Deep Learning Segmentation of Lumen and Vessel on IVUS Images
Jung-Eun Park1, Jihoon Kweon1, Do-Yoon Kang1, Pil Hyung Lee1, Jung-Min Ahn1, Soo-Jin Kang1, Duk-Woo Park1, Seung-Whan Lee1, Cheol Whan Lee1, Seong-Wook Park1, Seung-Jung Park1, Young-Hak Kim1
Asan Medical Center, Korea (Republic of)1
Intravascular Ultrasound (IVUS) is one of the most common imaging modality in the clinical field. However, due to the poor image contrast of ultrasound, it is very hard to clearly differentiate structures such as lumen and vessel areas on the image. As a result, it has still remained a challenging task even though state-of-the-art image processing technology has been developed. Recently, wide applications of deep learning have been reported for various medical imaging modalities like X-ray, computed tomography (CT), and magnetic resonance imaging (MRI). In this study, a novel deep learning method was proposed for the accurate segmentation of IVUS images.

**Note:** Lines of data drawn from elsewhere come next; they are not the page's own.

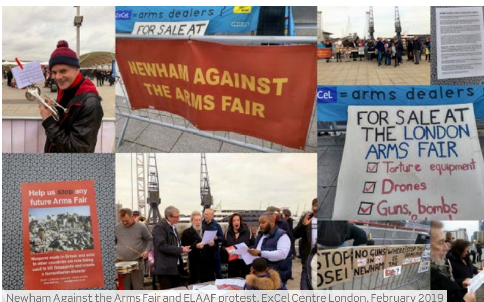
Newham Against the Arms Fair and ELAAF protest, ExCel Centre London, February 2019

Visit stopthearmsfair.org.uk to join the fight to stop DSEI.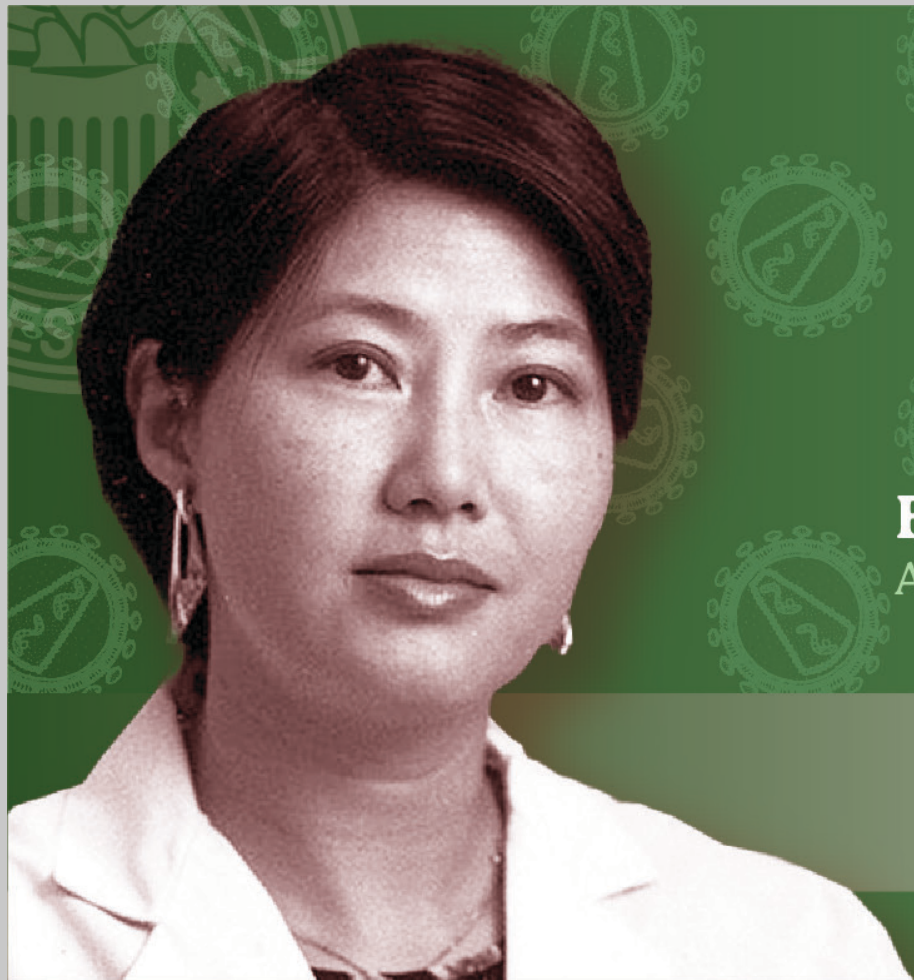
Flossie Wong-Staal American Virologist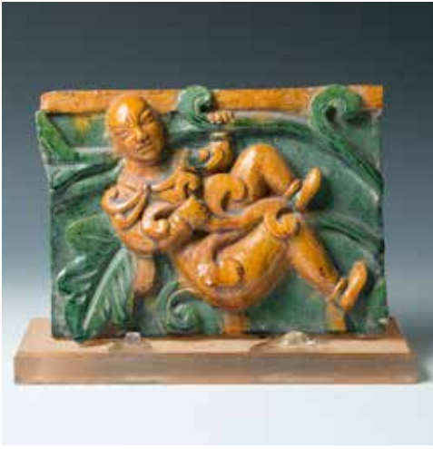
213 明 / 清 三彩釉人物瓷砖

The tile modelled with a figure hanging on a branch, decorated in shades of yellow and green. L:28.5cm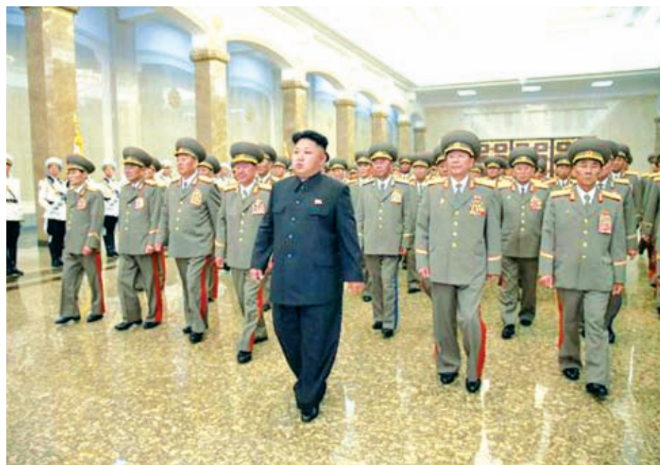
North Korean leader Kim Jong Un (C) visits the Kumsusan Palace of the Sun at midnight on Tuesday on the occasion of the 20th anniversary of the demise of President Kim Il Sung in this photo released by North Korea's Korean Central News Agency (KCNA) in Pyongyang on 8 July, 2014.

SEOUL, 8 July — North Korean leader Kim Jong Un limped on to the stage on the anniversary of his grandfather's death, footage broadcast by state media on Tuesday showed, in a rare display of weakness in a country where leaders are portrayed as semi-divine.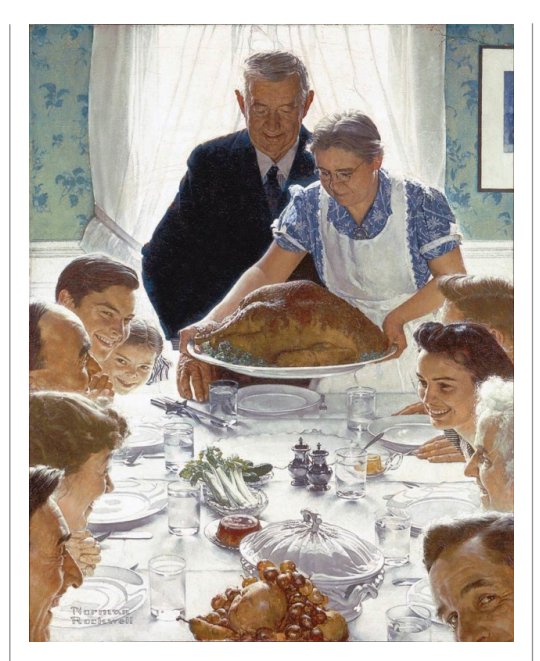
Freedom From Want, Norman Rockwell Saturday Evening Post March 6, 1943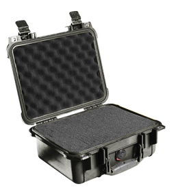
1400WF With Foam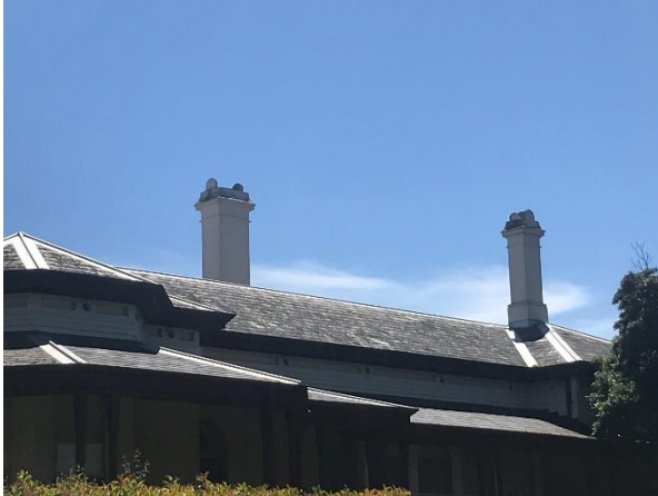
Detail of the chimneys.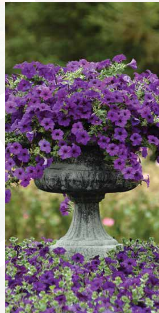
WAVE® PETUNIA SERIES ●

Height: 14 to 20 in. (36 to 51 cm) Spread: 30 to 48 in. (76 to 122 cm)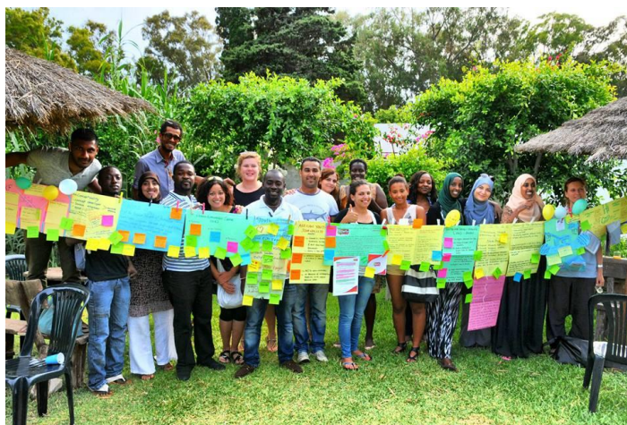
4 th Training Course for Youth Leaders of the African Diaspora Living in Europe – Hammamet, Tunisia (June, 2013)

The African Diaspora Youth Network – ADYNE is a platform of organisations, led and driven by young Africans and young people with African backgrounds living in Europe 1 . It aims and endeavours to serve the interests of young people from all over Europe, promoting their active participation in a constructive dialogue between African and European societies .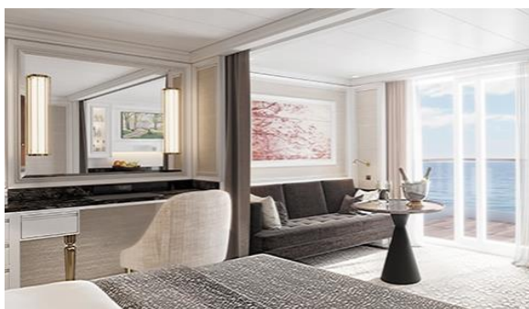
SUPERIOR SUITE – F 38 - 43 SQM.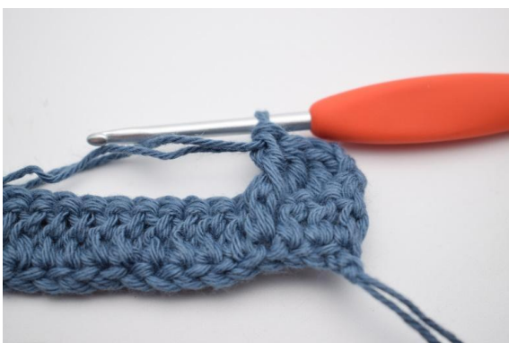
5. There is now 1 fpdc.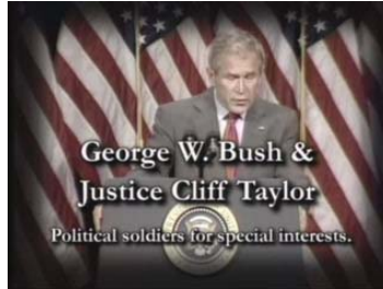
political views are for clear principles of the constitution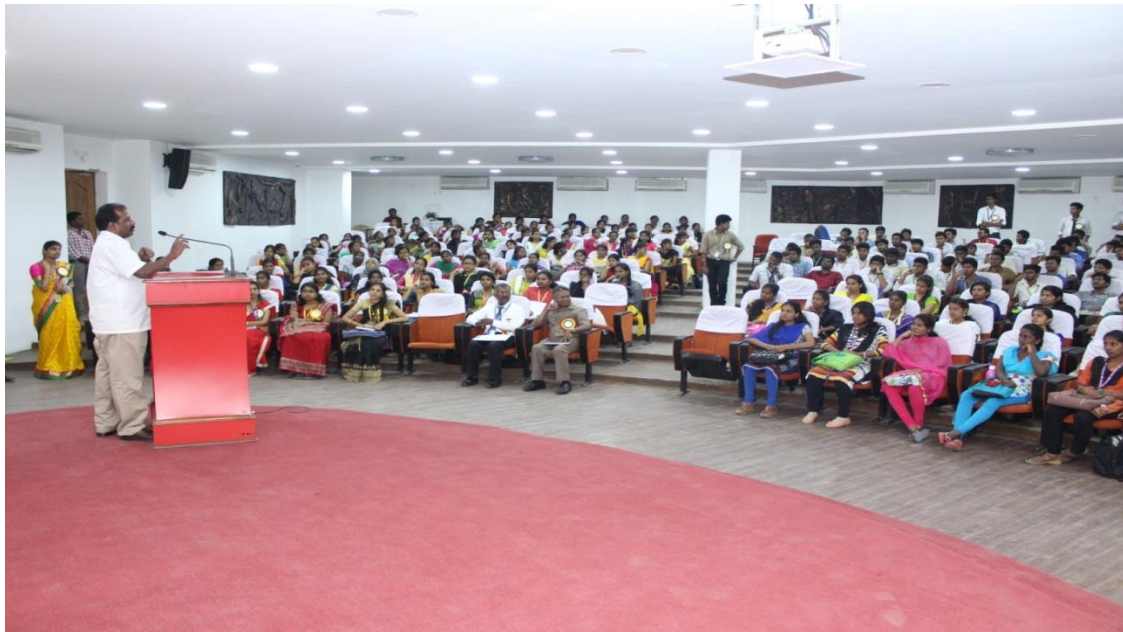
GST and Employment Opportunities dated on 14 th July, 2017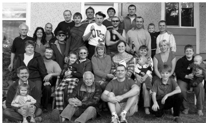
With members of North Battleford's Ukrainian community

About 100 recently arrived Ukrainians visited Ukraine Day in the Park (please see page 17), and it was gratifying to see them participating in and volunteering at this event. A week earlier, they enjoyed the popular Kar-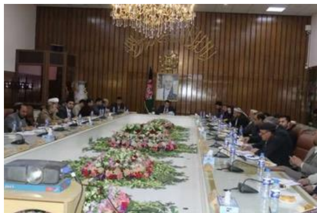
Figure 2: Provincial Reintegration committee meeting Balkh Province .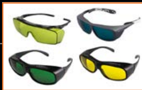
SAFE FOR DOCTOR AND PATIENT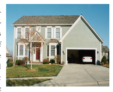
HELP CLOSE THE DOOR ON CRIME IN YOUR NEIGHBORHOOD

The remedy is a simple one; please secure your garage and residence to reduce your risk of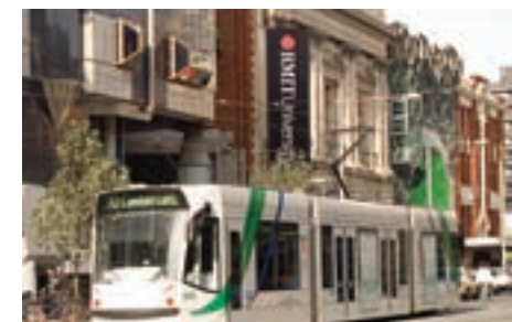
RMIT City campus

For more information visit the Education Abroad Office web site. www.rmit.edu.au/international/educationabroad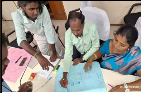
Group activities during the session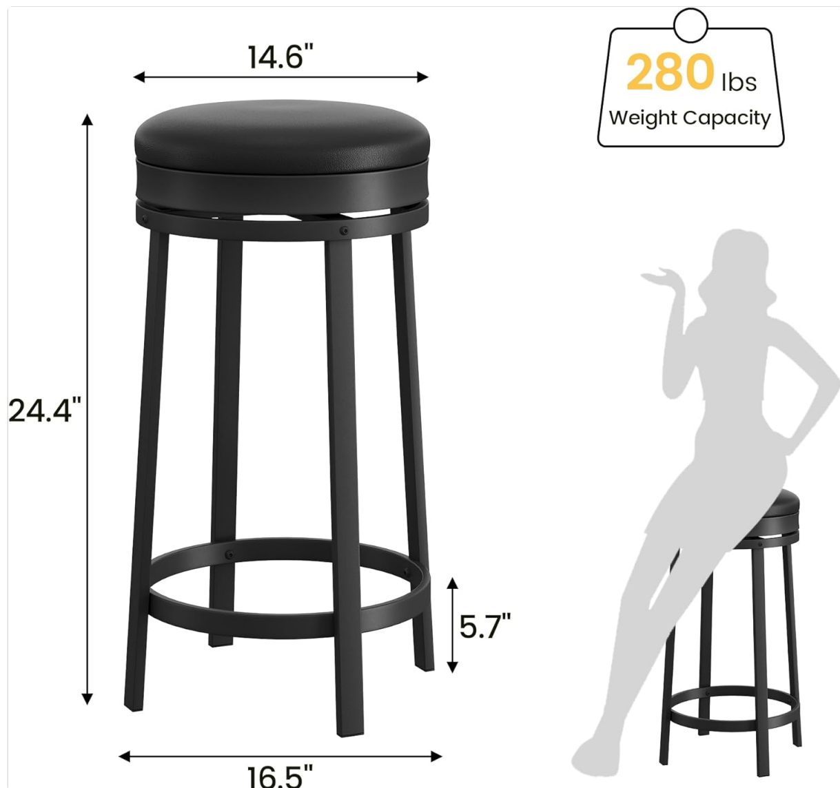
Image 8.1: Garvee 24-inch Swivel Bar Stool dimensions and weight capacity.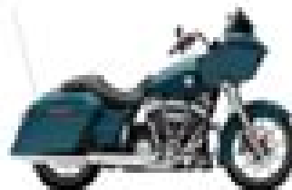
ROAD GLIDE® SPECIAL FL 114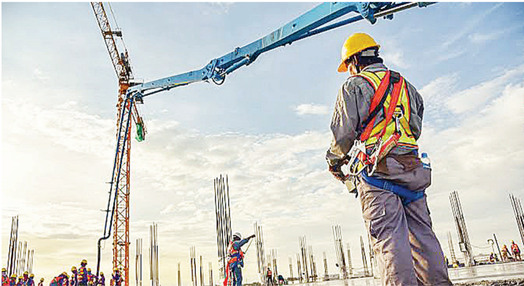
Contractors at the site where the Creative Arts Senior School is being built. File photo.

The power plant upon completion, is expected to supply power to Botswana and Eswatini, as well as to Mozambique and South Africa. Mozambique would become hub, selling gas on to island countries such as Madagascar and Mauritius.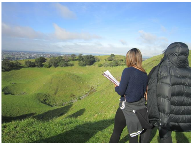
The value of the research in geography is the opportunity to see the links between what they learn in the classroom and what they observe in the field.

In geography 'primary data' is data that the students have collected themselves i.e. raw data from the 'field'. The list of examples from the standards covers 'observing, measuring, précis sketching, surveying, photographing, using questionnaires, interviewing'. It does not include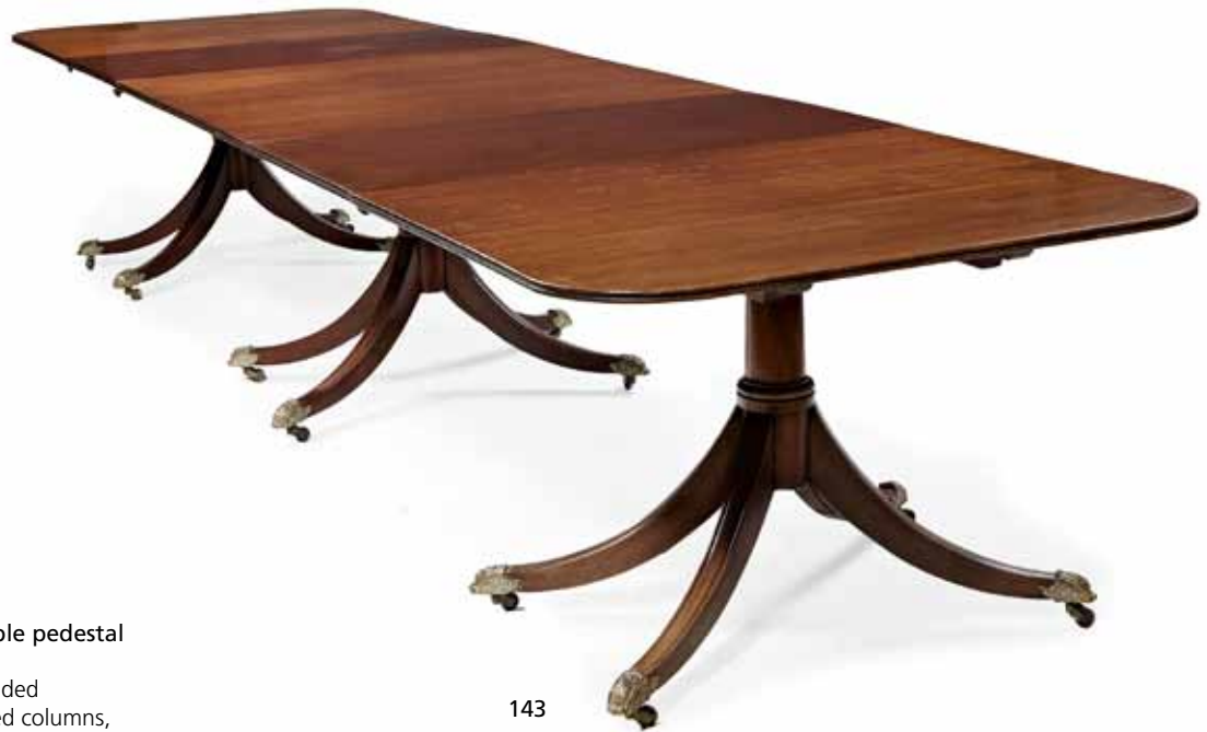
143 A George III style mahogany triple pedestal dining table comprising three tilt-tops, the rounded rectangular top on three ring turned columns, terminating in twelve outswept legs and brass acanthus scrolled palmette feet with castors, including two additional leaves, 428cm wide x 117.5cm deep x 76cm high, (168.5" wide x 46" deep x 29.5" high) £1,500 - 2,000 €1,800 - 2,300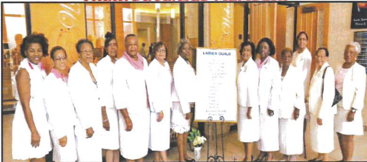
The members of the Ladies Guild turned out at the 7:30 Mass on Sunday, October 22, and purchased the floral arrangement that was in front of the altar last Sunday. Thank you, ladies!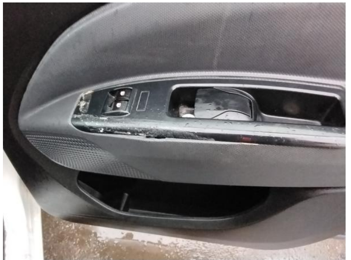
6: Door Pad osf Broken Replace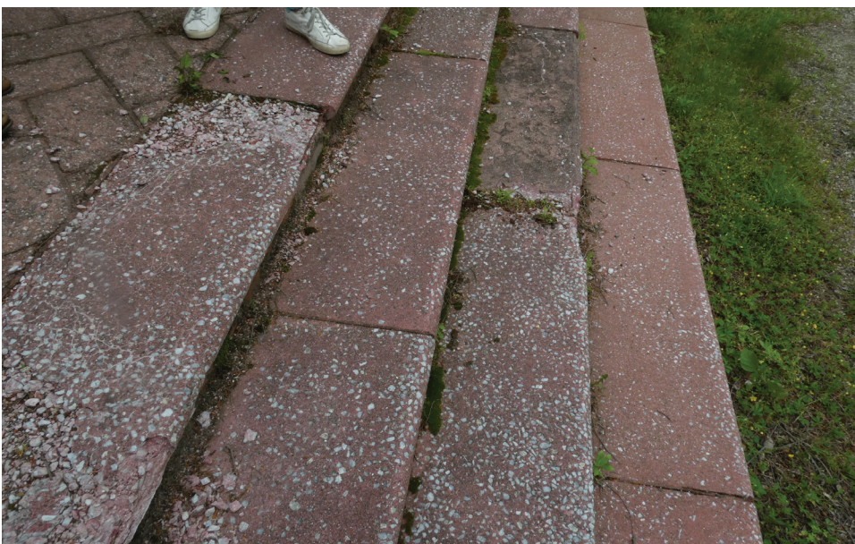
Rocking step treads and rebar at tread toe (potential tripping hazard)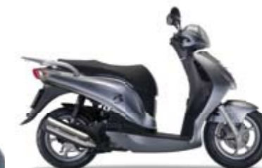
Quasar Silver Metallic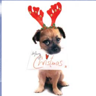
6. CHRISTMAS MESSAGE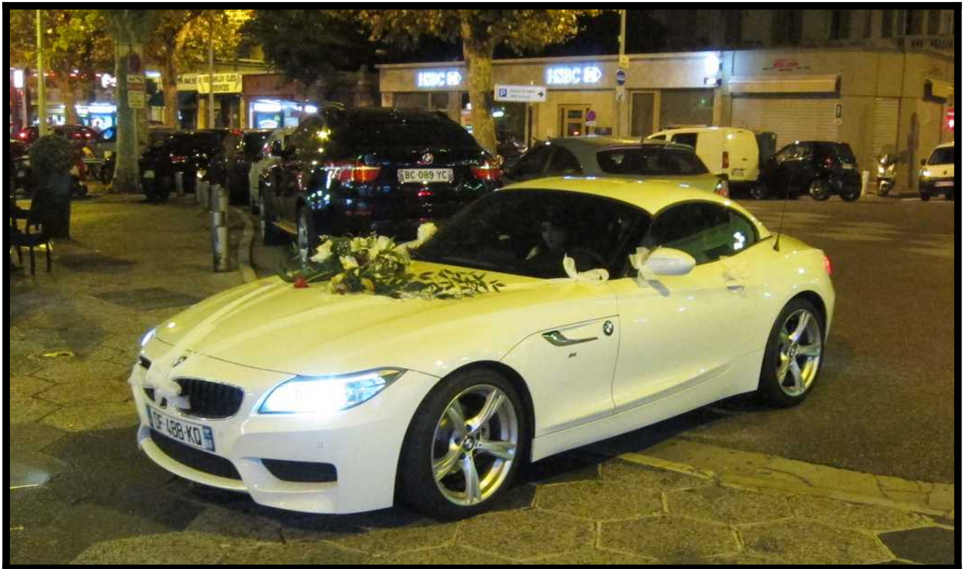
.....the young couple re-appear.....

118 IVUS imaging was conducted and collected for 101 patients who visited Asan Medical Center (AMC) in Nov. 2016. After excluding 14 IVUS imaging for the previous stenting, three radiographers with more than ten years of experience annotated lumen and vessel on 9715 frames. The proposed model created by modifying U-Net architecture had two decoders for shape and edges, respectively. The loss functions were dice coefficient loss and weighted dice coefficient loss for each decoder. Model performance was evaluated with Jaccard Index (JI), Hausdorff Distance (HD), and Percentage of Area Difference (PAD) were also considered besides Dice Coefficient (DC).
Overall, deep learning models showed excellent performance for the segmentation of both lumen and vessel areas. the proposed model best performed for lumen segmentation indicating 0.9483 of DC, 0.9038 of JI, 4.2812 of HD, and 6.8784 of PAD for lumen segmentation. For vessel area, the proposed model showed 0.9642 of DC, which was comparable to that from DeeplabV3+.
By applying deep learning segmentation, IVUS segmentation could be automated, thereby facilitating 3D modeling and fusion techniques with other imaging modalities.